Inhalational anthrax is thought to require as many as 4,000–8,000 spores to cause infection of the respiratory tract. After an incubation period (usually 1–6 days), the spores are carried by the lymphatic system to the lungs, where they germinate, multiply, and cause swelling of and bleeding in the lung tissue. Anthrax does not cause pneumonia in the strict sense, but it does cause coughing, chest pain, difficult breathing, dizziness, and heavy sweating. The person may also develop anthrax-related meningitis from inhalational anthrax, with such changes in mental status as confusion or disorientation. It is common in inhalational anthrax for the bacteria to spread into the bloodstream and cause overwhelming infection or bleeding lesions elsewhere in the body.
In gastrointestinal anthrax, the cecum (a blind pouch at the beginning of the large intestine) is the most common location of the initial lesion produced by anthrax spores. The spores then invade the mucous lining of the intestines; in some cases, intestinal hemorrhage results. The anthrax spores are transported by the lymphatic system to lymph nodes in the mesentery, the membranous tissue that attaches the small intestine to the abdominal wall. As the bacilli multiply, they block the passages in the lymphatic system, leading to a buildup of fluid in the abdomen (ascites), intestinal paralysis (ileus), and swelling (edema) of the stomach and other nearby tissues. In some cases, the initial lesion of this form of anthrax is located in the pharynx, the part of the throat behind the mouth and above the esophagus. Pharyngeal anthrax is characterized by pain in the throat, difficulty in swallowing, and possible airway obstruction.
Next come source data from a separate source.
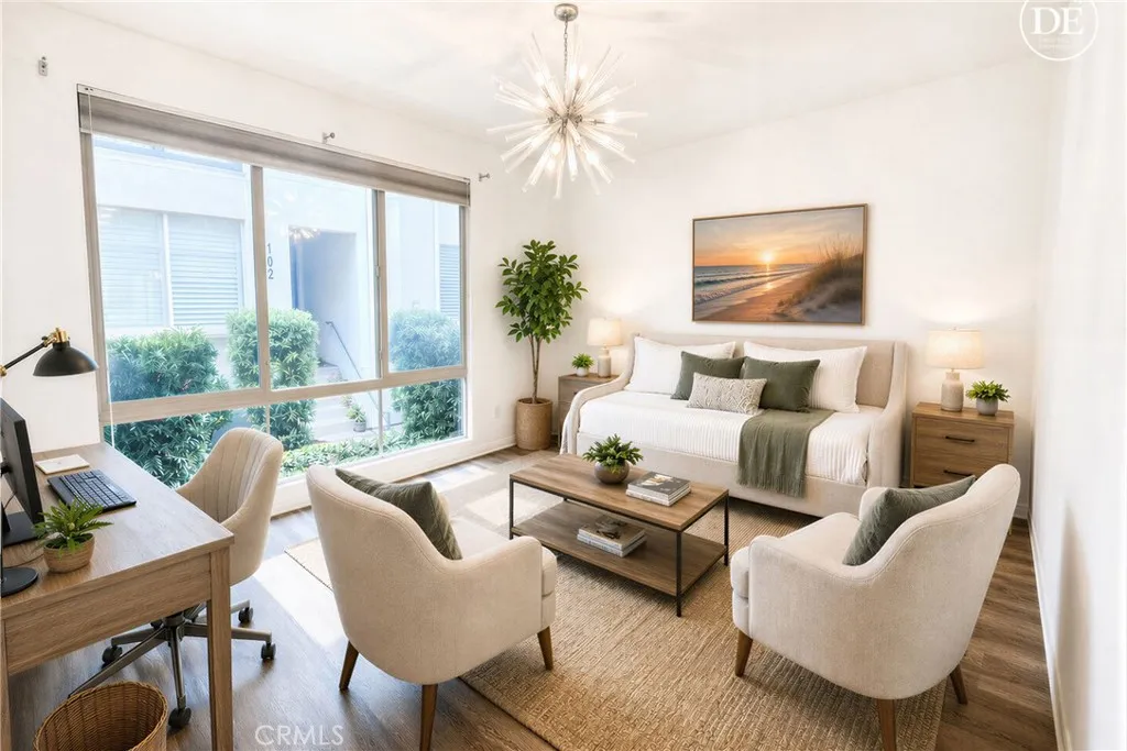 Welcome to the most adaptable floorplan in all of Three Sixty. The open layout not only offers 2 spacious, bright bedrooms but also features 2 den/office flex rooms to perfectly accommodate your needs and lifestyle. We've seen these 2 additional spaces used for everything from a playroom to a home office, a den, and even guest or kid spaces. All of this in the resort-like setting of Three Sixty, with amenities usually found in a luxury resort. 12921 Mission #102 is a turnkey retreat with a versatile floor plan and a quiet location, featuring central air and heat, a spacious balcony, and even a 3-car+ garage. Enter through the beautiful foyer with dramatic curved walls and staircase. The spacious front flex room offers oversized windows and can be used for anything from a formal dining area to an office/den to an additional guest space, and features wide-plank flooring, new paint, and dramatic lighting. Just beyond, you enter the open kitchen with high ceilings, dark cabinetry offering abundant storage, stainless steel appliances, quartz countertops, a pantry, and a spacious kitchen island with countertop seating that will be the center of daily living. The kitchen opens to the south-facing living room, capturing great natural light through picture windows. This beautiful room features high ceilings, recessed lighting, picture windows, wide-plank flooring, custom paint, and direct access to the outdoor patio, ideal for morning coffee and summer BBQs. Head upstairs to two beautiful suites, along with an additional office/den/family room, and the conveniently located laundry.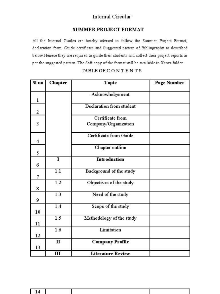 TABLE OF C O N T E N T S Sl no 1 Declaration from student 2 3 4 Chapter outline 5 I 6 1.1 7 1.2 8 1.3 9 1.4 10 1.5 11 1.6 12 II 13 III Literature Review Company Profile Limitation Methodology of the study Scope of the study Need of the study Objectives of the study Background of the study Introduction Certificate from Company/Organization Certificate from Guide Chapter Topic Acknowledgement Page Number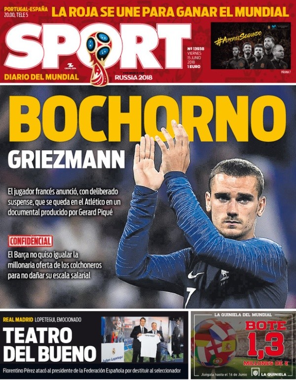 Pero, de todas maneras, la herida que dejó Griezmann sigue abierta y así lo dejó en claro el diario Sport, quien tituló en su edición de hoy “Bochorno”, con una foto a todo color del seleccionado francés.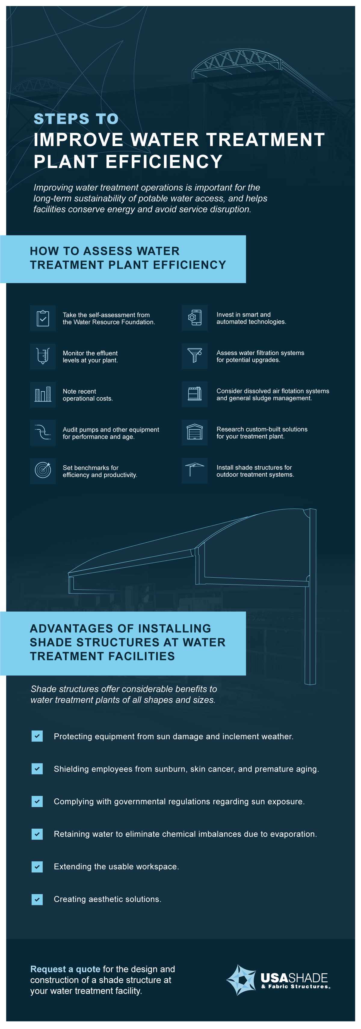 - Research other efficiency and productivity innovations. In addition to pump upgrades and the implementation of new technologies and smart tech automation systems, water treatment facilities can also benefit more out-of-the-box and/or custom-built solutions in order to address specific needs and functions on a plant-by-plant basis. This can include more innovative solutions such as shade structures. Each water treatment plant will have its own unique problems and considerations, so plant owners and managers should keep this in mind throughout their assessment(s), as well as when searching for dynamic solutions. There are always new programs and technological systems entering the market, so frequent research can be key to staying abreast of new developments as they occur.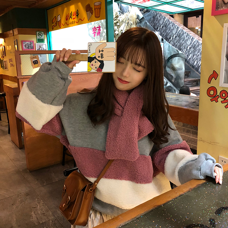 / 可可里小姐~時尚休閑仿羊羔毛拼接加絨衛衣+絲絨半身裙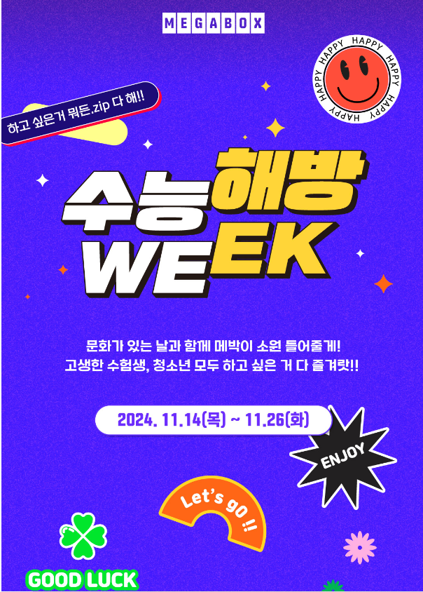 11월14일부터 26일까지 수능해방위크 "하고 싶은거 뭐든 ZIP 다해"를 진행합니다.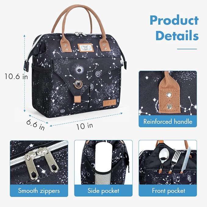 - Leakproof Lunch Tote Bag: With upgraded heat welded insulated aluminum foil, the women lunch box can prevent the liquid from leaking out, and easy to clean.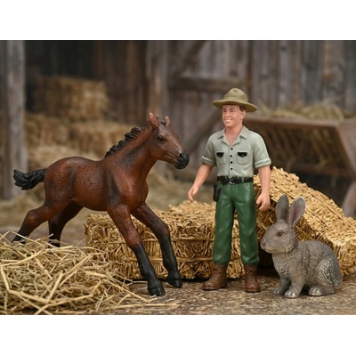 Sada obsahuje figurky zvířátek, figurku farmáře a doplňky. Materiál: plast Druhy: se selátkem, s králíkem, s grošovaným hříbětem, s hnědo-bílým hříbětem Baleno v krabičce.

In injection anthrax, the initial lesion is often below the surface of the skin or in muscle tissue and may form an abscess followed by necrosis of the surrounding tissue extending to the entire limb. There may or may not be an ulcer on the surface of the skin at the site of the drug injection. In one case from Denmark, a large area of skin surrounding the injection site turned black. The anthrax bacilli may invade the bloodstream if treatment is delayed; as of 2018, all the European fatalities associated with injection anthrax died of sepsis.
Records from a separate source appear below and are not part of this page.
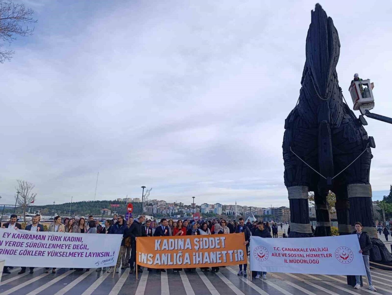 Çanakkale’de 25 Kasım Kadına Yönelik Şiddete Karşı Uluslararası Mücadele Günü vesilesiyle bir farkındalık yürüyüşü gerçekleştirildi. Aile ve Sosyal Hizmetler İl Müdürlüğü’nün organizasyonunda düzenlenen etkinlik, önemli bir mesaj vermek amacıyla katılımcılardan yoğun ilgi gördü.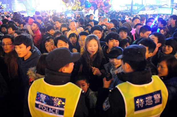 2013年2月24日,正月十五元宵节,郑州人民公园,警察围起人墙,限制不断拥来的人群。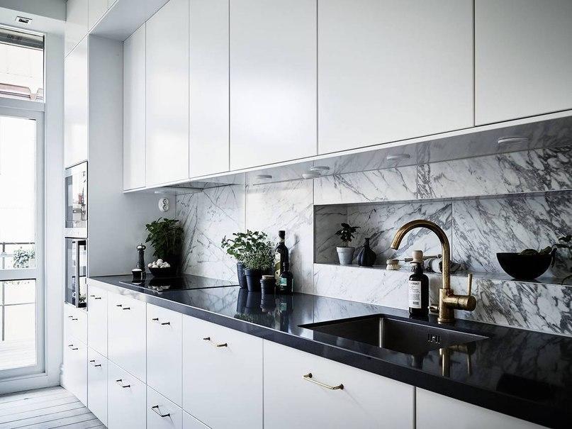 Перед нами проект стильной и лаконичной кухни. Простота и элегантность, внимание к деталям, бело-серая цветовая гамма, - беспроигрышный вариант в современном дизайне. А когда эта идея воплощена в благородном природном камне, проект заметно выигрывает.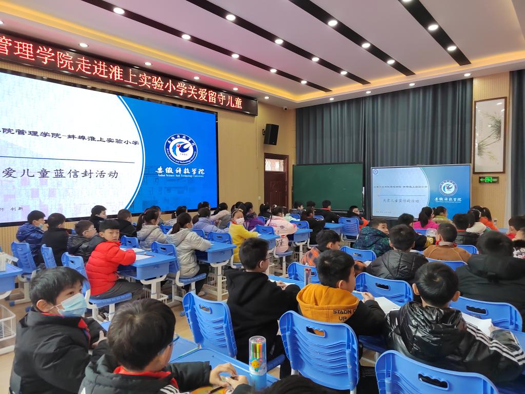 为积极践行志愿服务精神,展现安科研究生良好精神风貌,同时更好关注留守儿童的健康成长,丰富留守儿童的校园文化生活,应蚌埠市淮上实验小学邀请,管理学院根据其需求有针对性地制定了关爱留守儿童“蓝信封”活动实施方案。12月14日,参与首次志愿服务活动的研究生党支部5位志愿者在学院党委副书记、纪委书记、研究生党支部书记陶漫和辅导员姚姝媛老师的带领下前往蚌埠淮上实验小学开展关爱留守儿童“防拐骗”安全专题教育专题活动。活动由农业管理领域2021级研究生刘雅南主讲。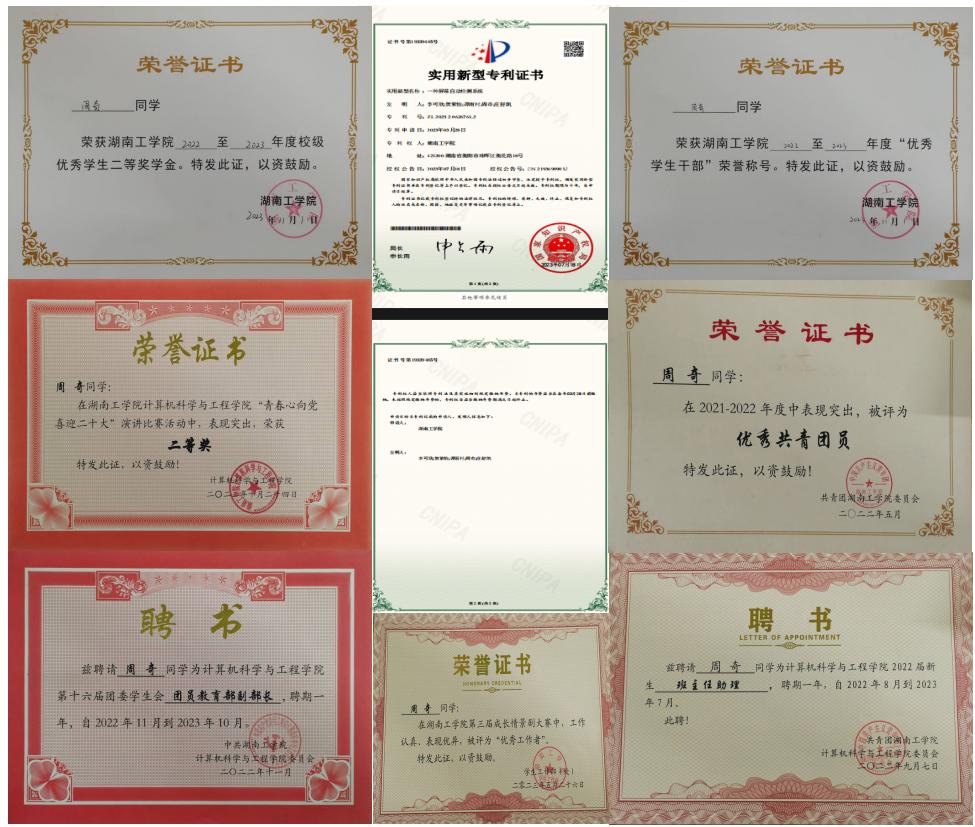 在校期间荣获国家励志奖学金1次、校级一等奖学金1次、校级优秀学生干部1次、校级优秀共青团员1次、优秀班干部1次,综合成绩排名专业第一。曾参加第十六届中国大学生计算机设计大赛获中南赛区三等奖,在学院工作期间,热心服务同学,荣获团委学生会“优秀工作者”称号。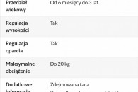 Dzięki szerokiej, regulowanej tacce, dziecko będzie miało dużo miejsca zarówno na posiłki, jak i swoje zabawki. Tacka posiada dwie funkcje - może służyć zarówno jako stoliczek na posiłki i zabawki, ale także, dzięki barierce krokowej, zabezpiecza dodatkowo dziecko przed wypadnięciem. Tackę w każdej chwili można wymontować i zawiesić z tyłu krzesełka. Dodatkowo krzesełko posiada podłokietniki, które w razie potrzeby można złożyć. Krzesełko obite jest łatwą do utrzymania w czystości tapicerką wykonaną z nietoksycznego PCV.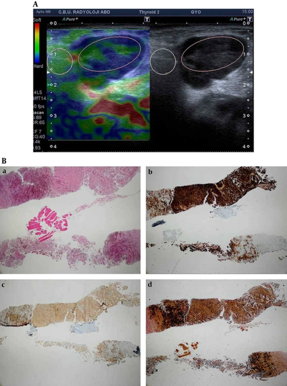 A, Malignant melanoma: well-defined hypoechoic solid mass with mixed type vascularization in right parotid gland mass which stiff (blue) areas represent more than 50% of tumor. Strain ratio: 2.1, score of 3. B, The core biopsy consists of scattered tumor cells staining positivity with HMB-45, Melan-A and Fontana-Masson, B(a), H&E × 40, B(b), HMB-45 × 40, B(c), Melan-A × 40, B(d), Fontana-Masson × 40.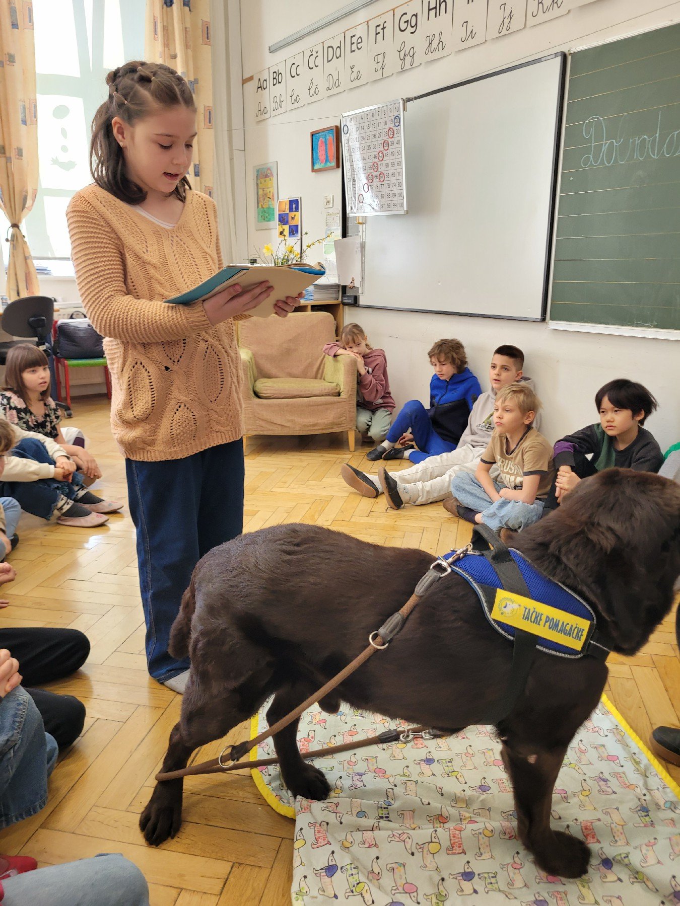 V 3. a je bilo v ponedeljek, 16. 3. 2026, še posebej živahno in navdihujoče, saj je učence ponovno obiskal prav poseben gost – bralni kuža Thor s svojo vodnico Dušanko. Njuni obiski prinašajo toplino, veselje in dodatno motivacijo za branje, saj učenci ob Thorovi mirni in prijazni prisotnosti z večjim veseljem posegajo po knjigah.

In developed countries, the diagnosis of anthrax depends partly on a high index of suspicion on the doctor's part. The patient's occupation or history of recent exposure to anthrax may suggest the diagnosis. Although the papule and ulcer of cutaneous anthrax may be obvious during an office examination, gastrointestinal anthrax is particularly difficult to diagnose on the basis of early physical symptoms alone.
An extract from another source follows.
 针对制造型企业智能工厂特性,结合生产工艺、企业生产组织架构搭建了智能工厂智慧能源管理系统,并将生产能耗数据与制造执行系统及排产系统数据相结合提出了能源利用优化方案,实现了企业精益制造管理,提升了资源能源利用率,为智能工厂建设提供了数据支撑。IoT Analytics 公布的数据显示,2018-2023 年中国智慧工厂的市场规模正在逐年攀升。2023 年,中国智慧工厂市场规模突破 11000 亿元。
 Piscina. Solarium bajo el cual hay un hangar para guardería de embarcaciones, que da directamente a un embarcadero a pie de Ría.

Accurate diagnosis depends on obtaining samples taken from skin lesions or throat lesions; cerebrospinal fluid; bloody fluid from the lungs; ascites fluid; or stool. B. anthracis can usually be visualized either by culturing the organisms on 5% sheep blood agar or peptone agar or by Gram stain. Anthrax bacilli are large for bacteria (3–4 microns); typically form long chains; and stain gram-positive. If cultured, they will usually grow on the medium within 24 hours. Laboratory personnel should be advised that anthrax is suspected so that they can take appropriate precautions.
Anthrax can also be diagnosed by testing blood samples by enzyme-linked immunosorbent assay (ELISA) for antibodies to the anthrax bacillus or for the presence of edema toxin and lethal toxin.
Nasal swabs or sputum samples are not helpful in identifying inhalation anthrax because the airway is not usually affected in that form of the disease. A chest x ray or CT scan is recommended for diagnosing inhalational anthrax; CT is useful in distinguishing inhalational anthrax from sarcoidosis, lymphoma, and tuberculosis.
A lumbar puncture should be performed if there is a change in the patient's mental status or evidence that the patient has anthrax-related meningitis.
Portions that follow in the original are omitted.